(Activity):
For the records below, output word for word the lines from the one with "- Gunmetal Black" up to and including the one with "123.详见图纸景观-8(8". No pictures.

(Records):
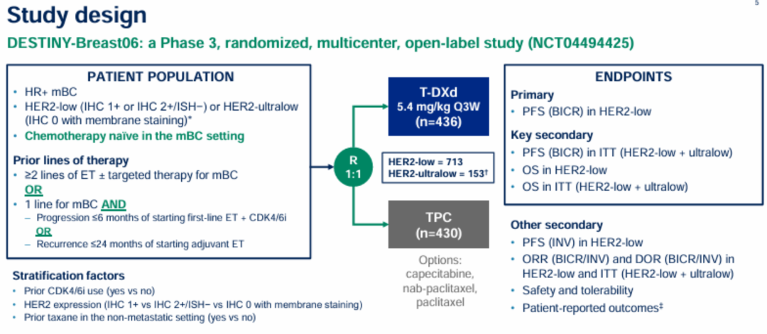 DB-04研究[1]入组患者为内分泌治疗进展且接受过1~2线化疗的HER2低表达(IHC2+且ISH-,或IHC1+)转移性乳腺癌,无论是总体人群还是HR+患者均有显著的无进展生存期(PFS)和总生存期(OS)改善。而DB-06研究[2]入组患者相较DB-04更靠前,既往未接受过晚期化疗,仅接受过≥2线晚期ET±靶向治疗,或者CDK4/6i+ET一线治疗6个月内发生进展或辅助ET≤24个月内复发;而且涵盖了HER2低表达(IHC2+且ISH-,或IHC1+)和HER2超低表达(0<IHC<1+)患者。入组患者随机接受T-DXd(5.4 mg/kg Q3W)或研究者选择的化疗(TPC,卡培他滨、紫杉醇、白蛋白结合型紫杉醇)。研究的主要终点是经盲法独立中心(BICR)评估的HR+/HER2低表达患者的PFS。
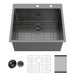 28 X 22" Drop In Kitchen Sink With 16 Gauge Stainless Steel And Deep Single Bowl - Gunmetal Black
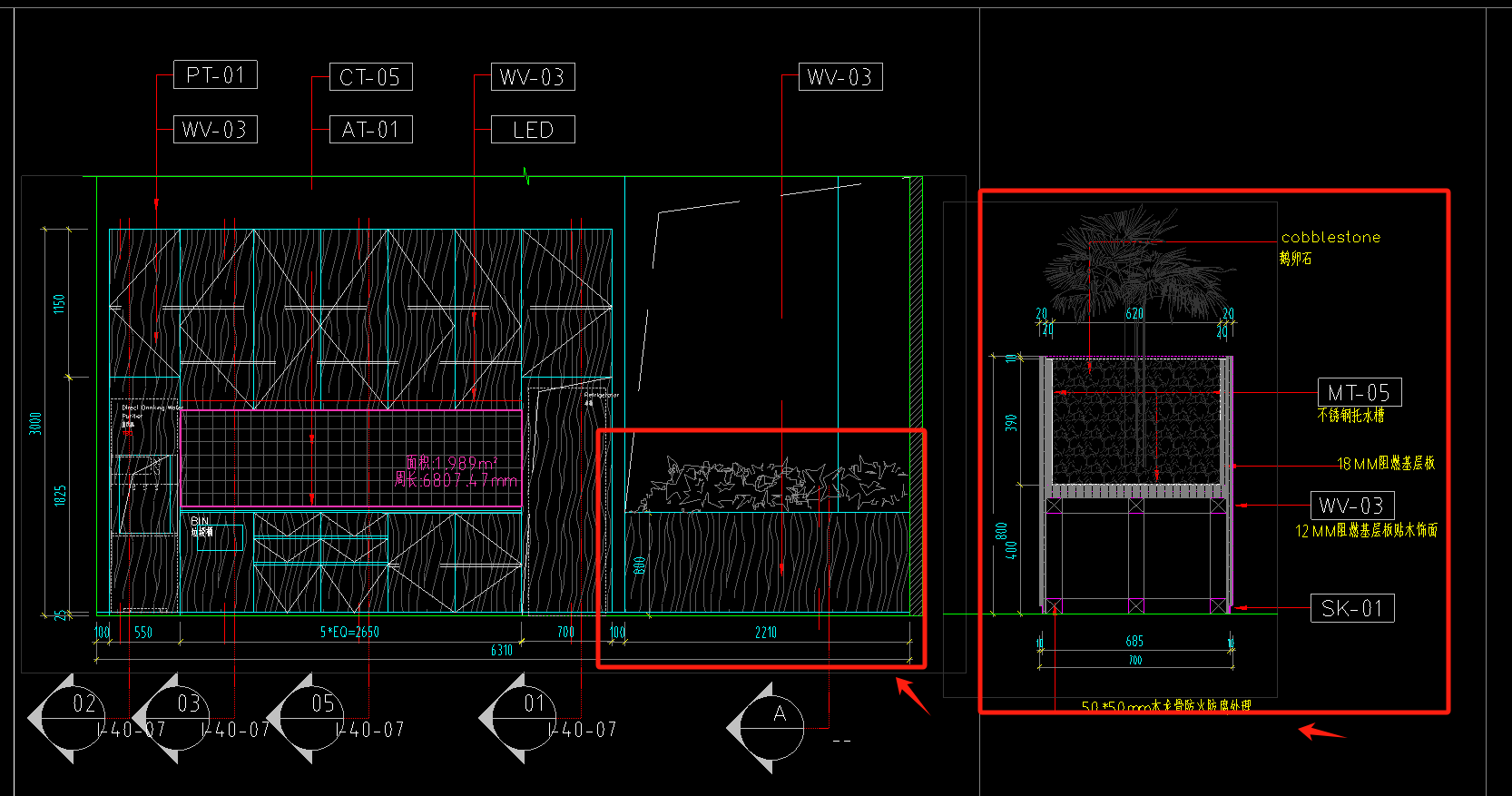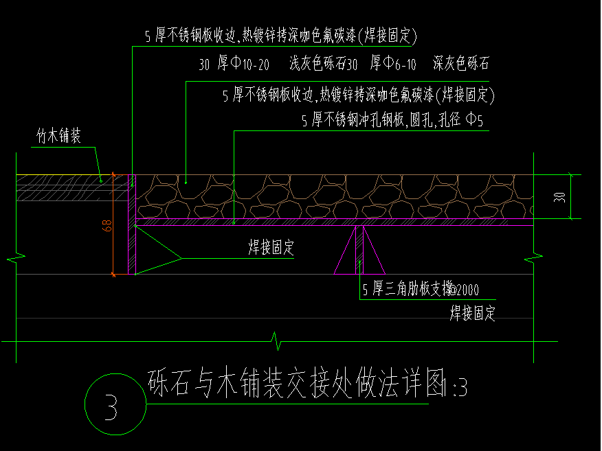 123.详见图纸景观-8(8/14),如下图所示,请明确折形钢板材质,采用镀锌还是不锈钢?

---

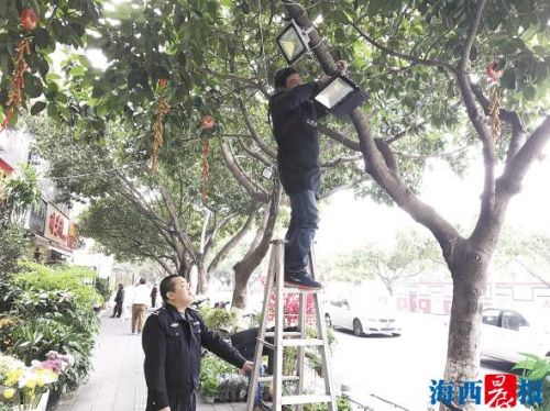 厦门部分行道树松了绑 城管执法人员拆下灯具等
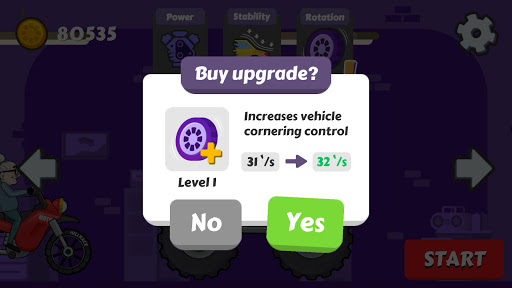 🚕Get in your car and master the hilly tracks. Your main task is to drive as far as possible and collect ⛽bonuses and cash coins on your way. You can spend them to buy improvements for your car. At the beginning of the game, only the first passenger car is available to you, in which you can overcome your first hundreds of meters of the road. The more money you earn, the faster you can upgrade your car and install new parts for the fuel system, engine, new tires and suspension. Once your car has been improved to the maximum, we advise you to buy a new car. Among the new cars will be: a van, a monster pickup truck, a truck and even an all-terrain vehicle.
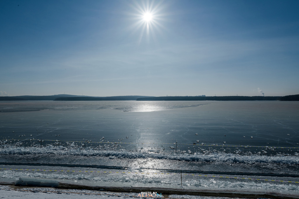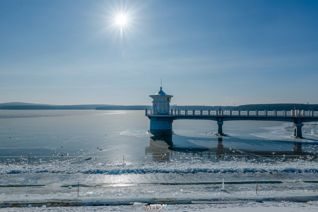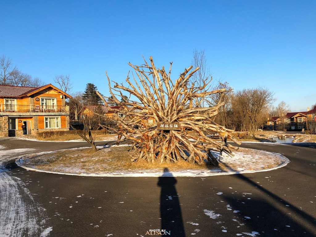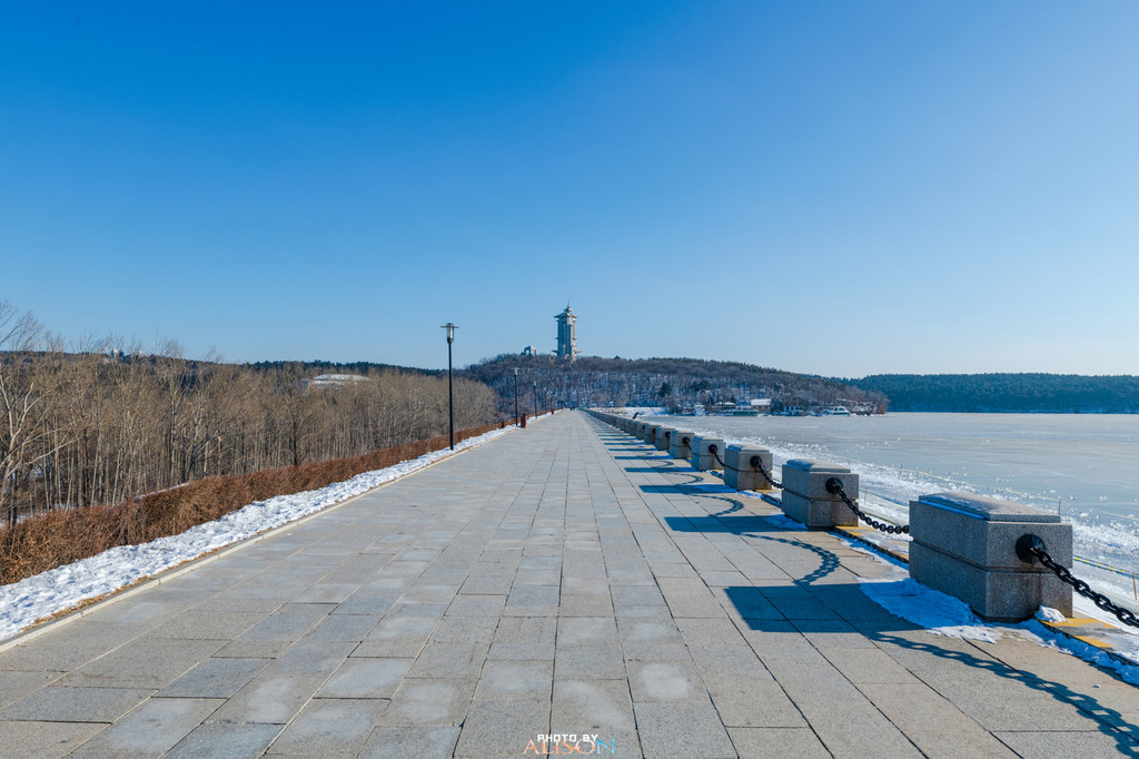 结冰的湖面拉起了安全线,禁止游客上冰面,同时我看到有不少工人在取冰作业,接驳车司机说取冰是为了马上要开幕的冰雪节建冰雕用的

(Result of this exercise):
 28 X 22" Drop In Kitchen Sink With 16 Gauge Stainless Steel And Deep Single Bowl - Gunmetal Black
 123.详见图纸景观-8(8/14),如下图所示,请明确折形钢板材质,采用镀锌还是不锈钢?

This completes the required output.